Marriage in classical Islam was a contractual betrothal — consummation was forbidden until puberty.
First, this is contradicted by Bukhari 5134 / 3894 / 5158, which explicitly state that Aisha was nine years old at consummation. Second, classical fiqh (Hanafi, Maliki, Shafi'i, Hanbali) all permitted consummation when the girl could 'physically endure' intercourse — a standard that was applied below puberty. Third, even if consummation were always delayed, contracting a binding marriage on a child without consent is itself a violation of consent, irrespective of when sex occurs.
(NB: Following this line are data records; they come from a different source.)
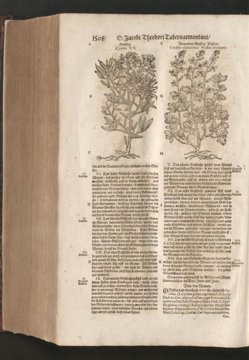 D. Jacobi Theodori Tabernaemontani, Neu vollkommen Kräuter-Buch : Darinnen Uber 3000. Kräuter/ mit schönen und kunstlichen Figuren/ auch deren Underscheid und Würckung/ samt ihren Namen in mancherley Sprachen/ beschrieben: Desgleichen auch/ wie dieselbige in allerhand Kranckheiten/ beyde der Menschen und des Viehs/ sollen angewendet und gebraucht werden/ angezeigt wird. Erstlichen durch Casparum Bauhinum D. und Profess. Basil. mit vielen neuen Figuren/ nutzlichen Artzneyen/ und anderem/ mit sonderem Fleis gebesseret/ Zum Andern Durch Hieronymum Bauhinum D. und Profess. Basil. mit sehr nutzlichen Marginalien, Synonimis, neuen Registeren und anderem vermehrt
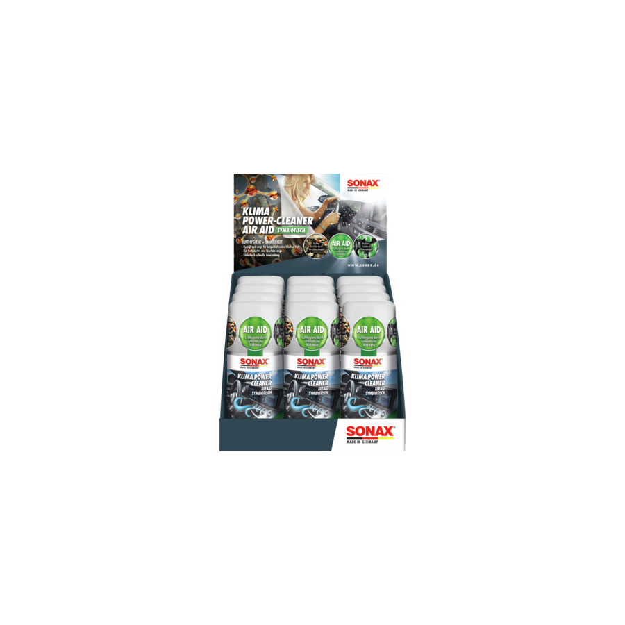 SONAX Clima PowerCleaner AirAid symbiotic quickly & easily ensures long-lasting air hygiene and frees you from unpleasant odours. The innovative formula cleans the air conditioning system, ventilation systems and evaporator and leaves a fresh scent in the car interior.
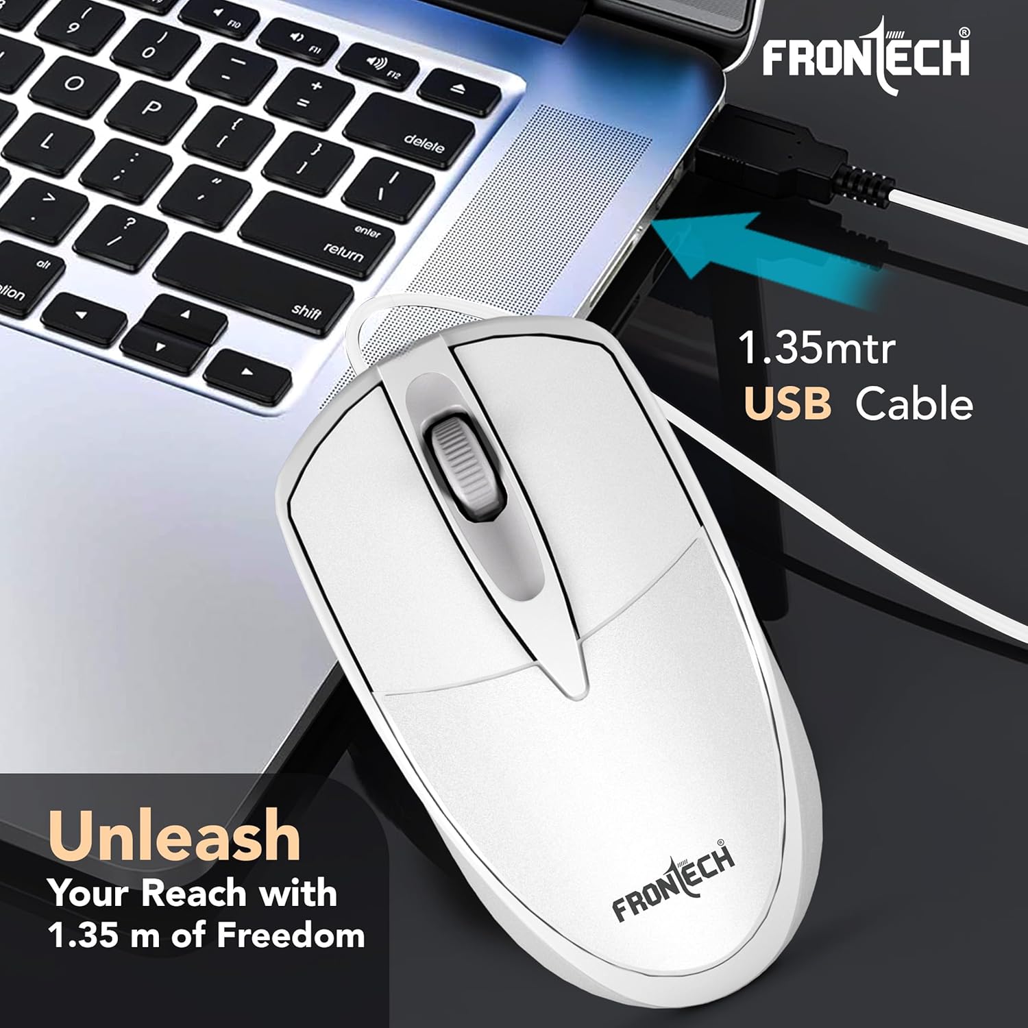 Durable 1.35m USB Cable – Provides extended reach and tangle-free freedom.
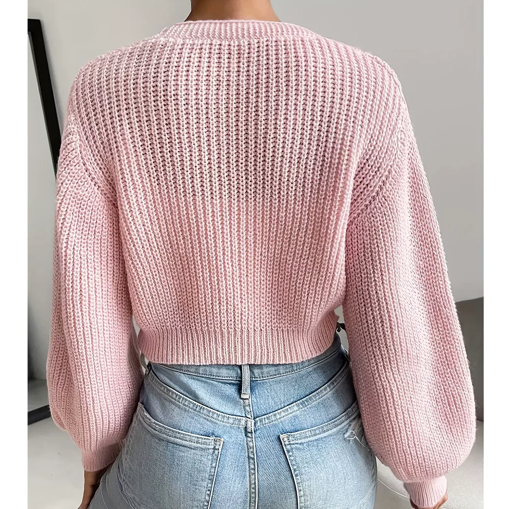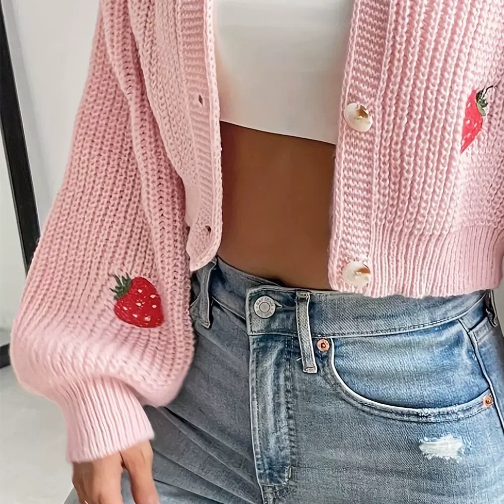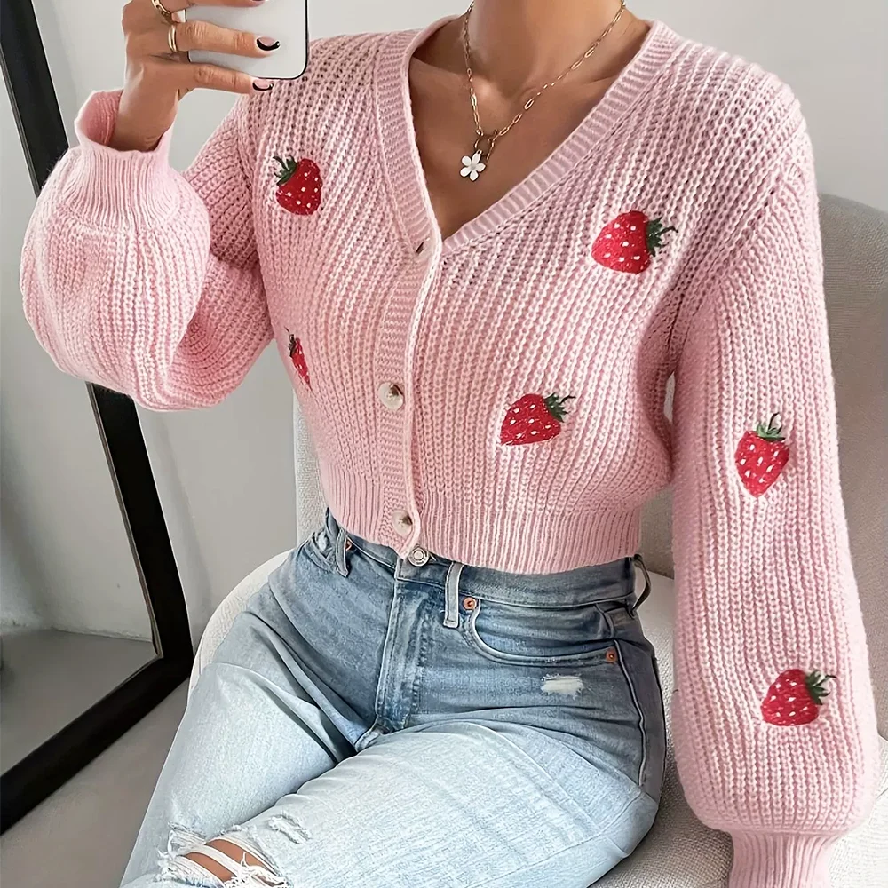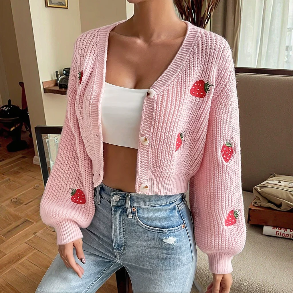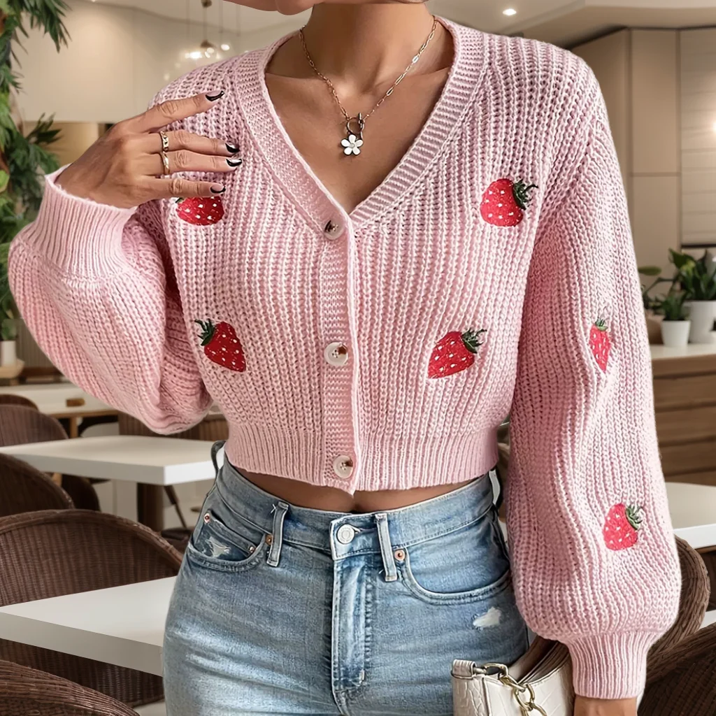 Customized Ladies Long Sleeve V-Neck Cardigan Solid Acrylic Sweater Embroidery Pattern Autumn Winter Knitted Short Sweater
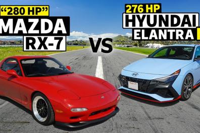 Видео: Mazda RX-7 и Hyundai Elantra N сравнили в гонке
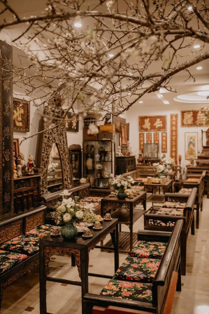 Phần nội thất toàn gỗ quý và được bày trí theo phong cách hoài cổ. (Ảnh: Facebook Xuân Hinh)
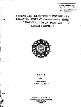 Penentuan Kebutuhan Fosfor (P) Tanaman Coklat (Theobroma Cacao L.) Bibit Dengan Uji Daun Dan Uji Tanah Terpilih Jamil Musanif Fakultas Pertanian UGM Konten Lokal Konten Lokal 31001
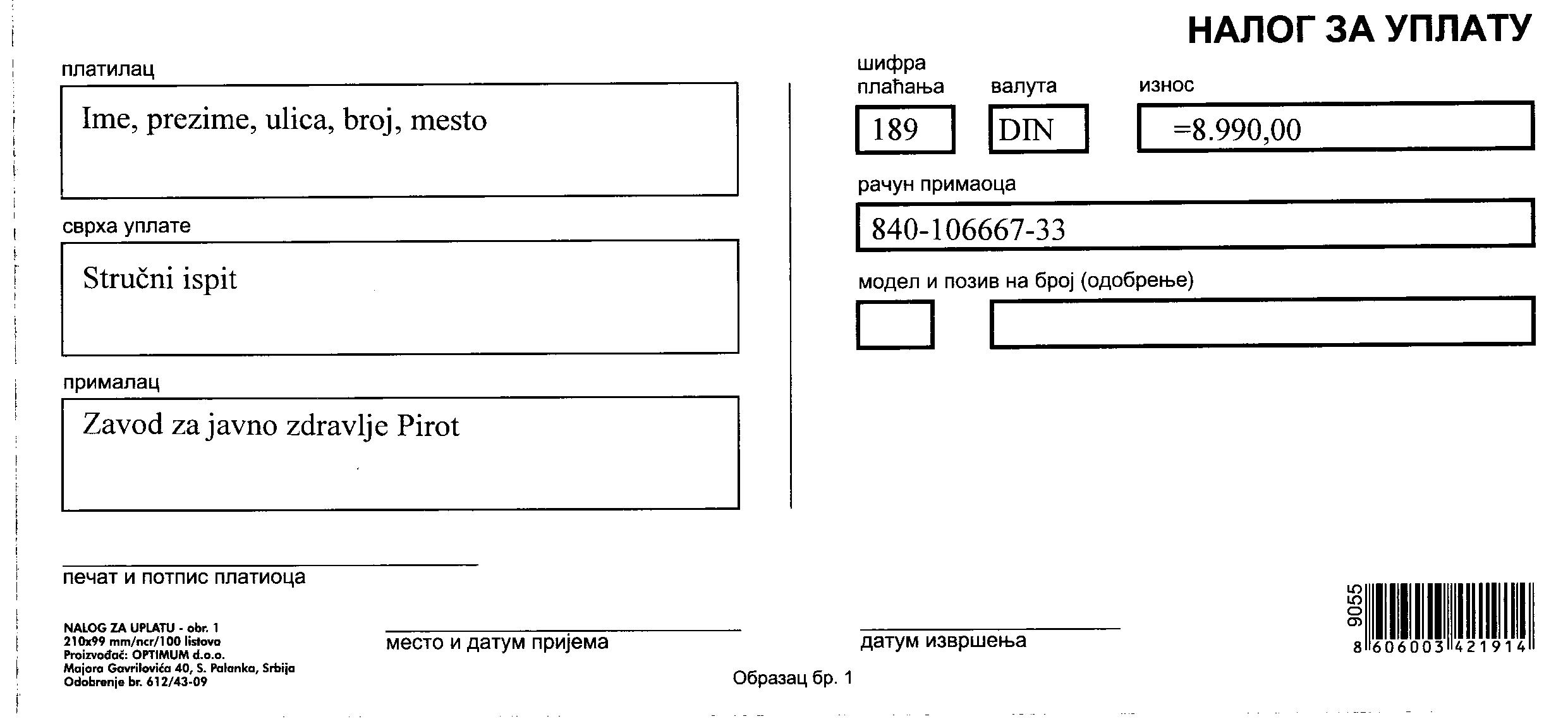 - potvrdu o uplati u banci ili pošti na žiro-racun Zavoda za javno zdravlje br. 840-106667-33 svrha uplate strucni ispit. Iznos od 8.990,00 može se uplatiti i na blagajni Zavoda za javno zdravlje Pirot
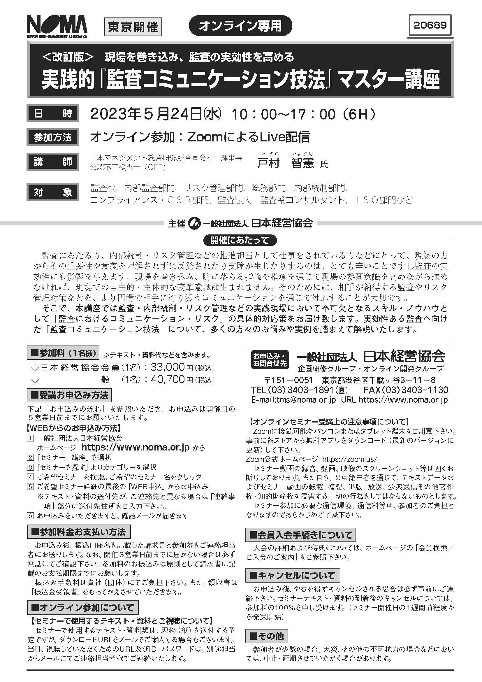 ・講座名: 実践的「監査コミュニケーション技法」マスター講座 ~現場を巻き込み、監査の実効性を高める~

Modern scholars and Muslim-majority countries have raised the marriage age — Islam has updated.
These updates were imposed by secular legal reforms (often during the colonial period or under post-independence civil codes), not by classical Islamic exegesis. They override Q 65:4 rather than re-interpreting it. The Saudi Permanent Committee and Al-Azhar fatwas have repeatedly affirmed the theoretical permissibility of pre-pubescent marriage, even while governments raise the legal age. The text has not changed; political pressure has.
Pre-pubescent marriage was the norm in seventh-century Arabia and across most pre-modern societies — judging Islam by modern standards is anachronistic.
The Quran is not advertised as a seventh-century document. It is advertised as an eternal moral revelation from an omniscient God. An eternal moral revelation that aligns precisely with seventh-century Arabian customs is suspicious for that very reason. A genuinely transcendent ethic would have outlawed child marriage as it outlawed (e.g.) the worship of idols. Instead, the Quran's ethics are exactly as advanced as Muhammad's culture and no further — which is what we would expect of a human document.